■ **Task description**:
Exact reproduction of all the data is required, with pictures excluded.

■ **Records to use**:
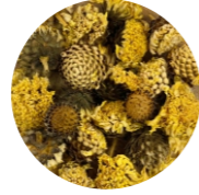
Չիվան (Դանթափա) • Цефалария (Головчатка) • Sephalaria
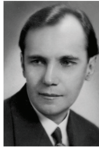
на Златаров са и областите, в които той реализира научни постижения.

майка си – жена с културни интереси – момчето научава руски и френски език. Още юноша чете в оригинал руските революционни демократи и френските поети. Асен учи гимназия в Пловдив, завършва в София и става студент по химия в Софийския университет. По-късно следва в Женева... След защита на доктората си в Греноблиякския университет, младият човек се отдава на научна и преподавателска работа в България – първоначално като учител в Пловдивската гимназия, а след това като асистент, доцент и професор по химия в Софийския университет. Златаровата биография за периода 1905-1937 година сочи 660 заглавия на научни трудове, учебници, научнопопулярни материали, литературни и литературно-критически статии и есета. Доказателство за огромната научна дейност
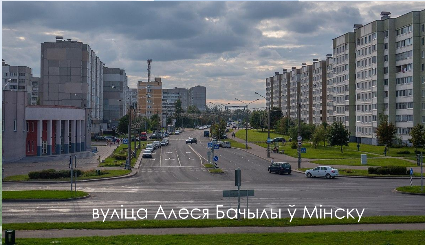
вуліца Алеся Бачылы ў Мінску

Яго імя носяць вуліцы у г.Мінску, г.Мар'інай Горцы і аг. Міханавічы
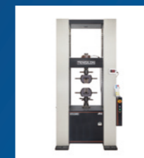
万能試験機 (引張・圧縮試験機)

自然界の情報を捉えるアナログとデジタルの変換技術を原点に、自動車、エネルギーをはじめとする幅広い産業分野に、計測・計量機器を提供しています。
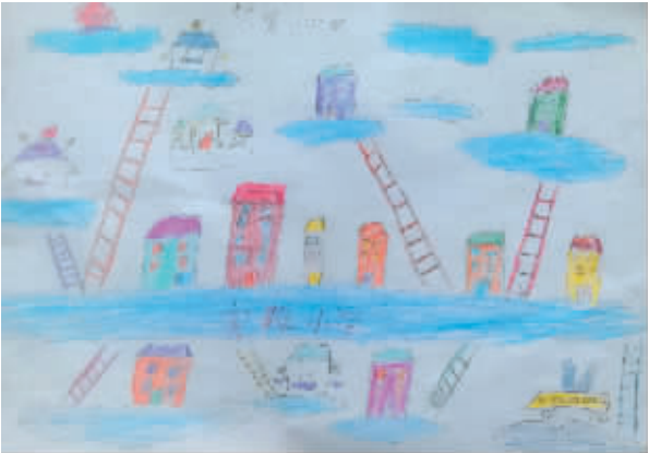
小记者:李晨曦 编号:175033 学校:西华县实验小学二(4)班
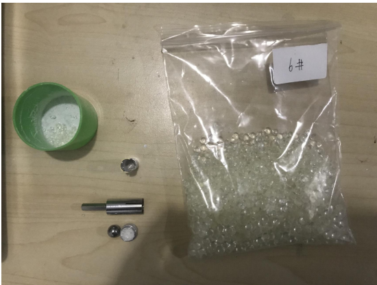
树脂样品装入 6.35mm 脂杯

样品的前处理：取本品适量，软化点测定多为固体快状样品，需要打碎后再容器内加热熔化，不要用明火。同时在加热的过程中不断搅拌，在较高温度下使样品内水分去除，直到样品不在有起泡现象。脂杯在铜板上预热一下，然后倒入融化的样品，直至溢出，待样品冷却凝固后，用过热的刮刀将表面烫平。不要让脂杯内产生空隙或气泡。
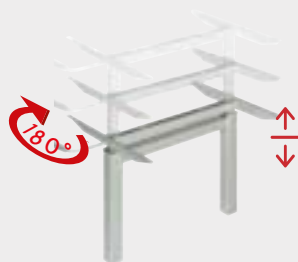
Ilse-Lift-Mechanik Beschreibung im Anhang
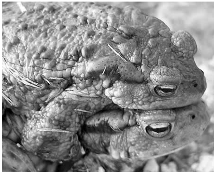
Paddenkoppel in amplexus

Theorie: Bart Hellemans - Praktijk: Danny Jonckheere
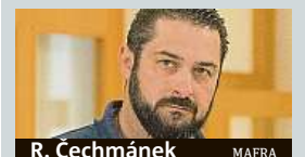
R. Čechmánek

Zlínský soud začal už potřetí projednávat případ bývalého úspěšného hokejového brankáře a zkrachovalého podnikatele Romana Čechmánka, jemuž hrozí až deset let vězení za podvod. Vrchní soud v Olomouci původní zprošťující rozsudky po odvolání žalobce pokazil. IDNES.cz
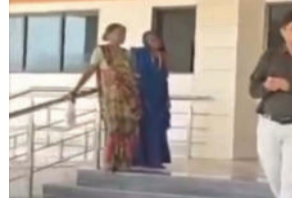
પટેલ પણ ઉપસ્થિત રહ્યા હતા. આ હોસ્પિટલ રાજુલા, ખાંભા અને જાકરાબાદ - ત્રણેય તાલુકાના

રાજુલામાં તાજેતરમાં કરોડોના રૂપિયાના ખર્ચે નિર્મિત અને પૂજ્ય મોરારીબાપુના હસ્તે લોકાર્પિત મહાત્મા ગાંધી આરોગ્ય મંદિર ત્રણ તાલુકા માટે આશીર્વાદરૂપ બની રહ્યું છે. લોકાર્પણ સમયે આરોગ્ય મંત્રી અને મુખ્યમંત્રી ભુપેન્દ્રભાઈ
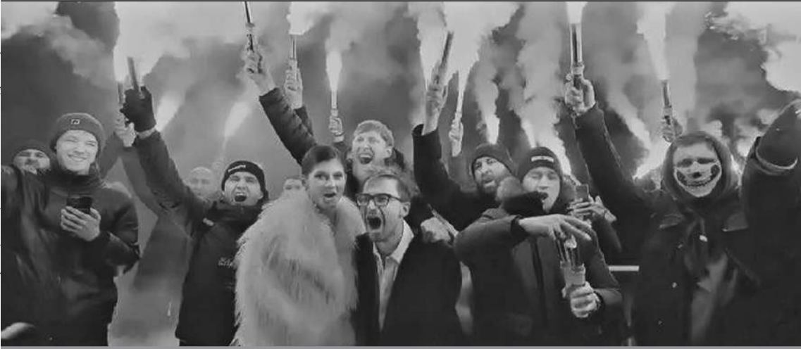
Фанаты «Спартака» высыпали из автобуса и зажгли фейеры, что сделало праздник еще больше похожим на кино.
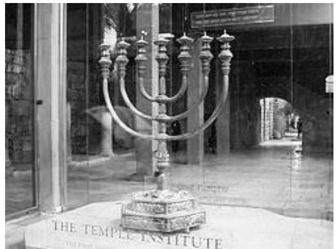
Replika menore po opisu iz Tore

U republici Makedoniji godinama se obeležava Dan Holokausta u martu mesecu, kada je 1943. godine skoro celokupna jevrejska populacija, oko 7.200 Jevreja, deportovana u Treblinku. Niko se nije vratio.
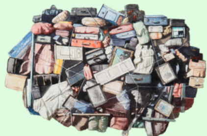
Obra portada: El viaje Cristóbal Toral Técnica mixta, 2005
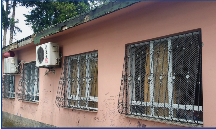
İmadettin Levent İlköğretim Okulu'nun eski hali.
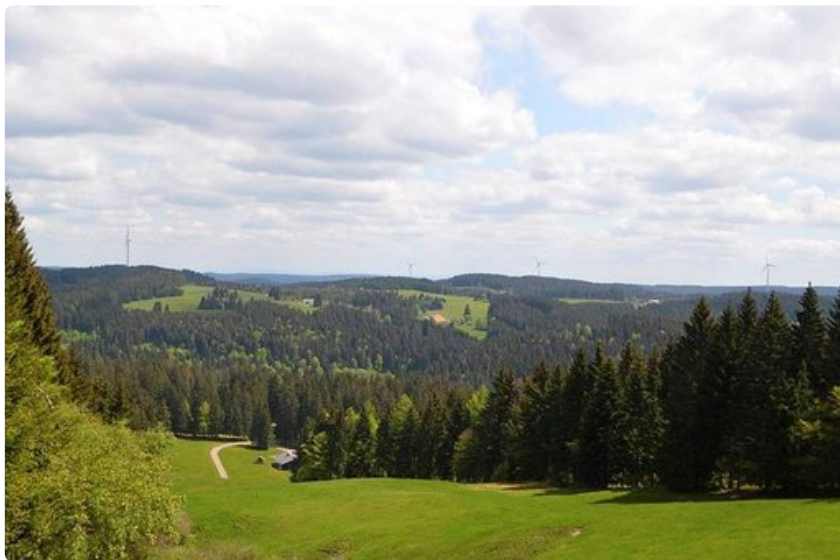
Upeat laaksot, metsät, niityt ja vuoret kutsuvat vaeltamaan.
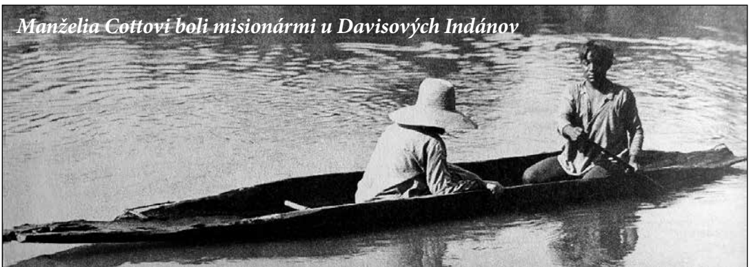
Manželia Cottovi boli misionármi u Davisových Indánov

Premýšľaj o tom, koho vo svojom okolí môžeš pozvať napríklad na tábor, schôdzku Pathfinder alebo na bohoslužbu do zboru. Začni sa modliť za konkrétneho človeka, aby ti dal Boh príležitosť povedať mu o jeho láske. Každé ráno sa modli za príležitosti byť požehnaním pre iných, za to, aby ňa Boh použil podľa svojej vôle.
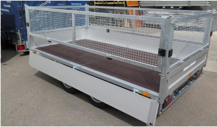
HL-AL 3218/35 SF, Laubgitter + 62cm
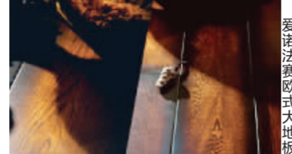
爱诺法赛欧式大地板

18年前,木地板还被国人称作“奢侈品”;18年后,木地板已经成为家庭装修的“必需品”。木地板能给人以温暖和舒适之感,这也是中国人“实木情结”的原因所在。
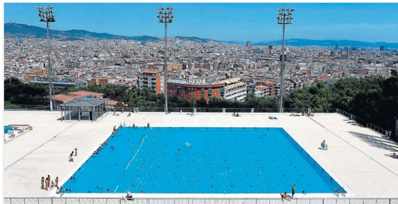
Vista de las piscinas municipales de Montjuïc. En el área de Barcelona los contagios no dejan de aumentar.
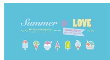
OPEN HOUSE 2017
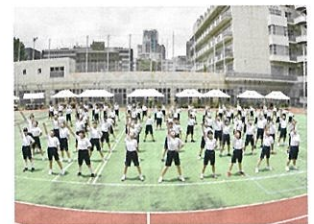
運動会（ダンスコンテスト）
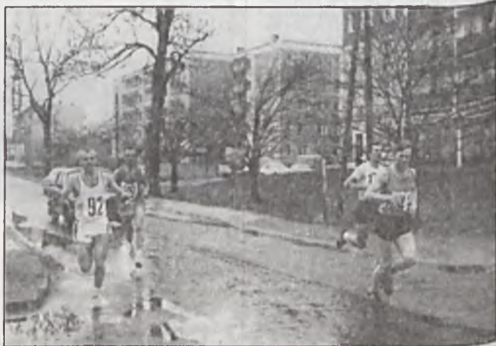
15 w lewo, 5 prosto.
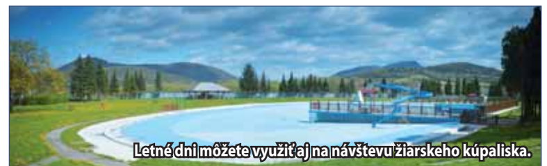
Letné dni môžete využiť aj na návštevu žiarskeho kúpaliska.
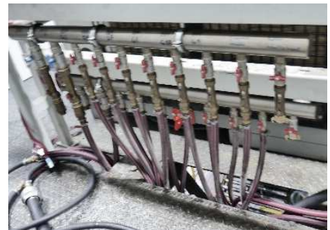
Abbildung 3: Verzweigung auf die neun Kühlkreisläufe

■ **Solution**:
Չիվան (Դանթափա) • Цефалария (Головчатка) • Sephalaria
на Златаров са и областите, в които той реализира научни постижения.

майка си – жена с културни интереси – момчето научава руски и френски език. Още юноша чете в оригинал руските революционни демократи и френските поети. Асен учи гимназия в Пловдив, завършва в София и става студент по химия в Софийския университет. По-късно следва в Женева... След защита на доктората си в Греноблиякския университет, младият човек се отдава на научна и преподавателска работа в България – първоначално като учител в Пловдивската гимназия, а след това като асистент, доцент и професор по химия в Софийския университет. Златаровата биография за периода 1905-1937 година сочи 660 заглавия на научни трудове, учебници, научнопопулярни материали, литературни и литературно-критически статии и есета. Доказателство за огромната научна дейност
вуліца Алеся Бачылы ў Мінску

Яго імя носяць вуліцы у г.Мінску, г.Мар'інай Горцы і аг. Міханавічы
万能試験機 (引張・圧縮試験機)

自然界の情報を捉えるアナログとデジタルの変換技術を原点に、自動車、エネルギーをはじめとする幅広い産業分野に、計測・計量機器を提供しています。
小记者:李晨曦 编号:175033 学校:西华县实验小学二(4)班
树脂样品装入 6.35mm 脂杯

样品的前处理：取本品适量，软化点测定多为固体快状样品，需要打碎后再容器内加热熔化，不要用明火。同时在加热的过程中不断搅拌，在较高温度下使样品内水分去除，直到样品不在有起泡现象。脂杯在铜板上预热一下，然后倒入融化的样品，直至溢出，待样品冷却凝固后，用过热的刮刀将表面烫平。不要让脂杯内产生空隙或气泡。
Ilse-Lift-Mechanik Beschreibung im Anhang
Paddenkoppel in amplexus

Theorie: Bart Hellemans - Praktijk: Danny Jonckheere
R. Čechmánek

Zlínský soud začal už potřetí projednávat případ bývalého úspěšného hokejového brankáře a zkrachovalého podnikatele Romana Čechmánka, jemuž hrozí až deset let vězení za podvod. Vrchní soud v Olomouci původní zprošťující rozsudky po odvolání žalobce pokazil. IDNES.cz
પટેલ પણ ઉપસ્થિત રહ્યા હતા. આ હોસ્પિટલ રાજુલા, ખાંભા અને જાકરાબાદ - ત્રણેય તાલુકાના

રાજુલામાં તાજેતરમાં કરોડોના રૂપિયાના ખર્ચે નિર્મિત અને પૂજ્ય મોરારીબાપુના હસ્તે લોકાર્પિત મહાત્મા ગાંધી આરોગ્ય મંદિર ત્રણ તાલુકા માટે આશીર્વાદરૂપ બની રહ્યું છે. લોકાર્પણ સમયે આરોગ્ય મંત્રી અને મુખ્યમંત્રી ભુપેન્દ્રભાઈ
Фанаты «Спартака» высыпали из автобуса и зажгли фейеры, что сделало праздник еще больше похожим на кино.
Replika menore po opisu iz Tore

U republici Makedoniji godinama se obeležava Dan Holokausta u martu mesecu, kada je 1943. godine skoro celokupna jevrejska populacija, oko 7.200 Jevreja, deportovana u Treblinku. Niko se nije vratio.
Obra portada: El viaje Cristóbal Toral Técnica mixta, 2005
İmadettin Levent İlköğretim Okulu'nun eski hali.
Upeat laaksot, metsät, niityt ja vuoret kutsuvat vaeltamaan.
Manželia Cottovi boli misionármi u Davisových Indánov

Premýšľaj o tom, koho vo svojom okolí môžeš pozvať napríklad na tábor, schôdzku Pathfinder alebo na bohoslužbu do zboru. Začni sa modliť za konkrétneho človeka, aby ti dal Boh príležitosť povedať mu o jeho láske. Každé ráno sa modli za príležitosti byť požehnaním pre iných, za to, aby ňa Boh použil podľa svojej vôle.
HL-AL 3218/35 SF, Laubgitter + 62cm
爱诺法赛欧式大地板

18年前,木地板还被国人称作“奢侈品”;18年后,木地板已经成为家庭装修的“必需品”。木地板能给人以温暖和舒适之感,这也是中国人“实木情结”的原因所在。
Vista de las piscinas municipales de Montjuïc. En el área de Barcelona los contagios no dejan de aumentar.
OPEN HOUSE 2017
運動会（ダンスコンテスト）
15 w lewo, 5 prosto.
Letné dni môžete využiť aj na návštevu žiarskeho kúpaliska.
Abbildung 3: Verzweigung auf die neun Kühlkreisläufe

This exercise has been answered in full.